SUPPLIED INFORMATION.

★ ★ ★ ★

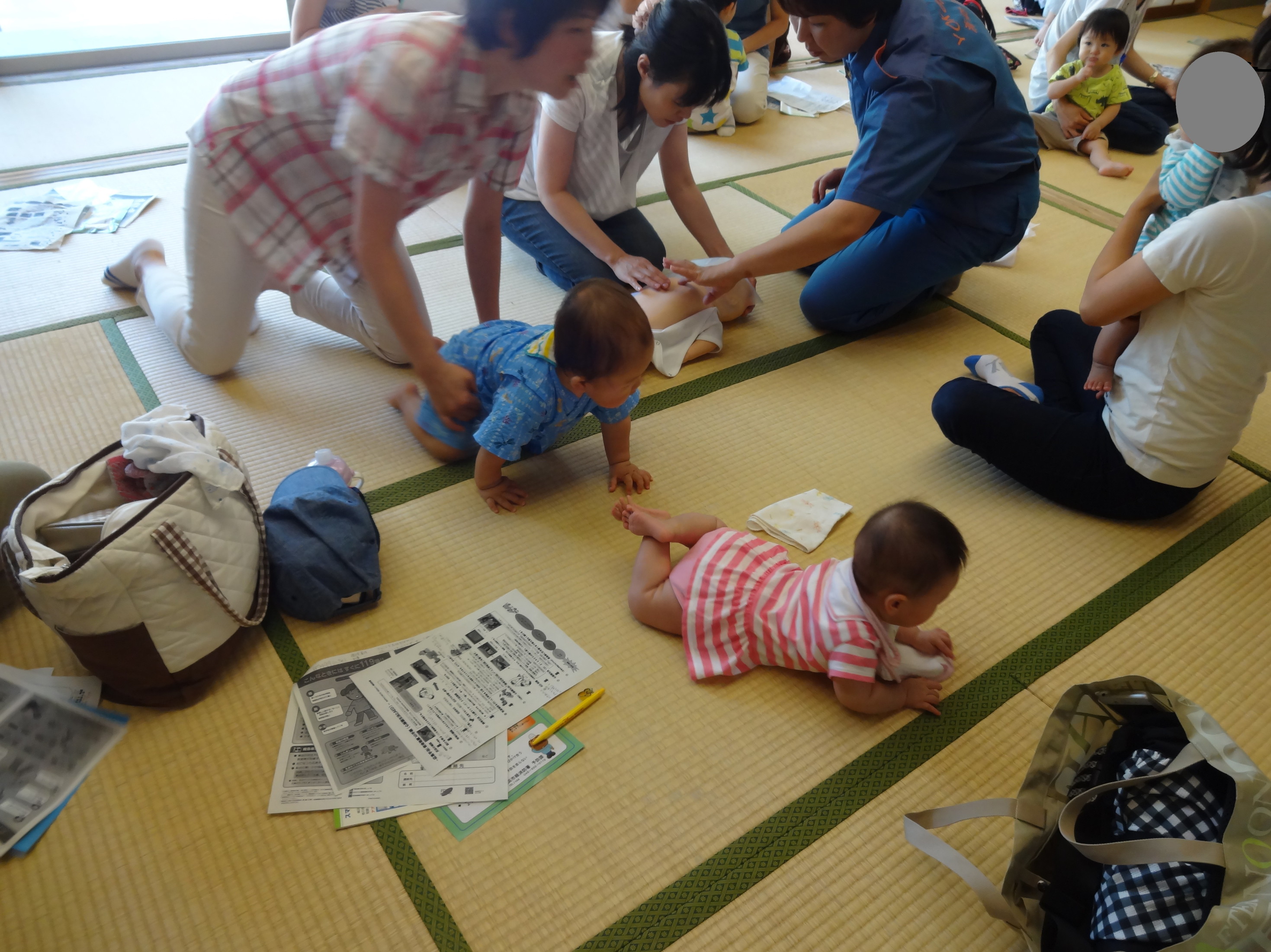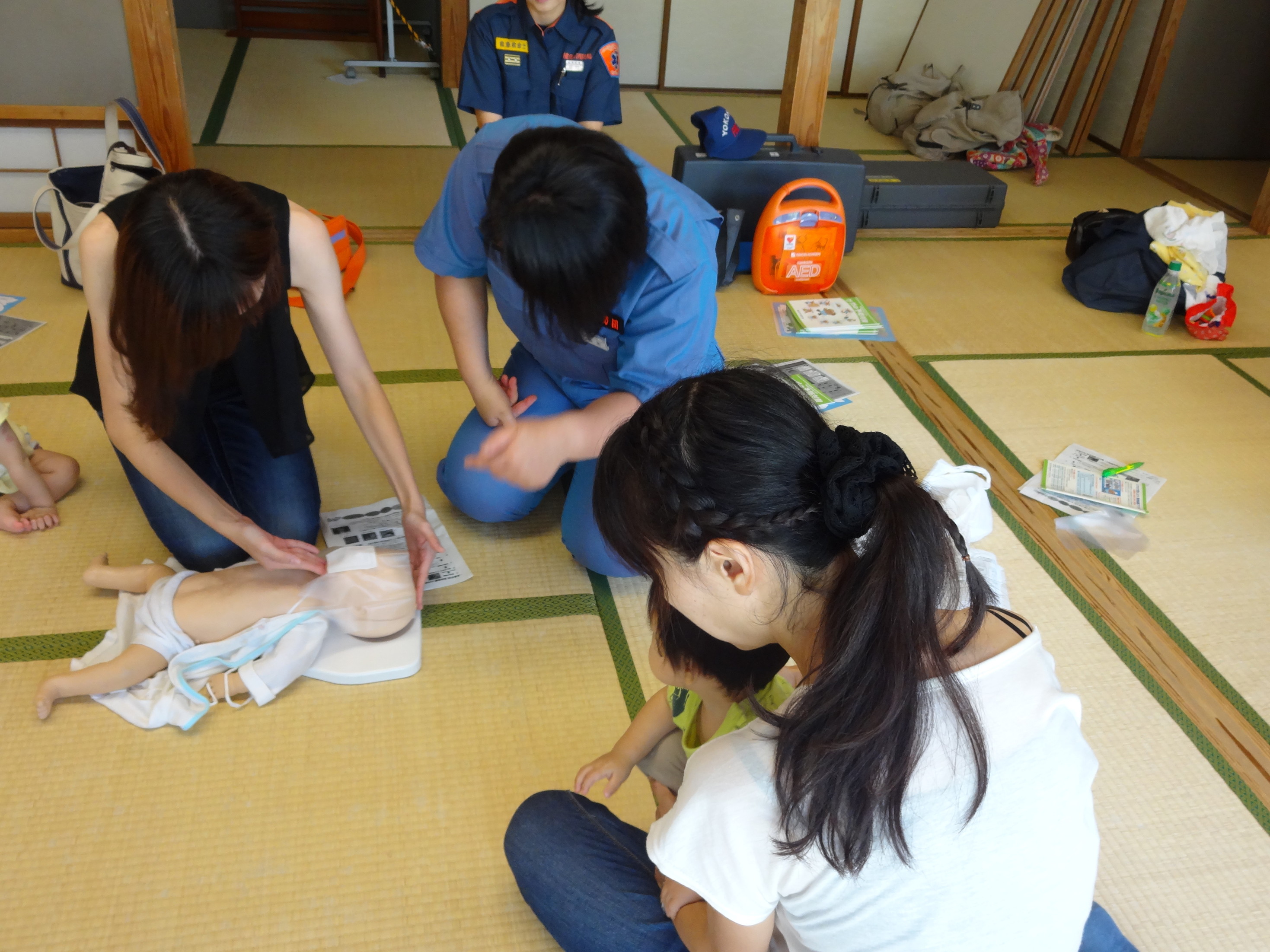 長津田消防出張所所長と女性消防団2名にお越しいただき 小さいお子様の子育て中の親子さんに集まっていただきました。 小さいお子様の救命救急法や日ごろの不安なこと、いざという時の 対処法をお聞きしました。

★ ★ ★ ★

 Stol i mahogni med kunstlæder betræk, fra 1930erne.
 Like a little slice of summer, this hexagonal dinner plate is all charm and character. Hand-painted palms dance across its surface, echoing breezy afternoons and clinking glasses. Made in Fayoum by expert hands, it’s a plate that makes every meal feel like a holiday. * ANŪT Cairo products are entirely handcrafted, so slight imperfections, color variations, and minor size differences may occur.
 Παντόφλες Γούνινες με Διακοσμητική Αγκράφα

★ ★ ★ ★

INSTRUCTIONS FOR THE TASK. Above are the entries. Copy exactly the part that opens with the line containing "Stol i mahogni" and closes with the line containing "Like a little", and no more.

RESPONSE TO THIS TASK.
 Stol i mahogni med kunstlæder betræk, fra 1930erne.
 Like a little slice of summer, this hexagonal dinner plate is all charm and character. Hand-painted palms dance across its surface, echoing breezy afternoons and clinking glasses. Made in Fayoum by expert hands, it’s a plate that makes every meal feel like a holiday. * ANŪT Cairo products are entirely handcrafted, so slight imperfections, color variations, and minor size differences may occur.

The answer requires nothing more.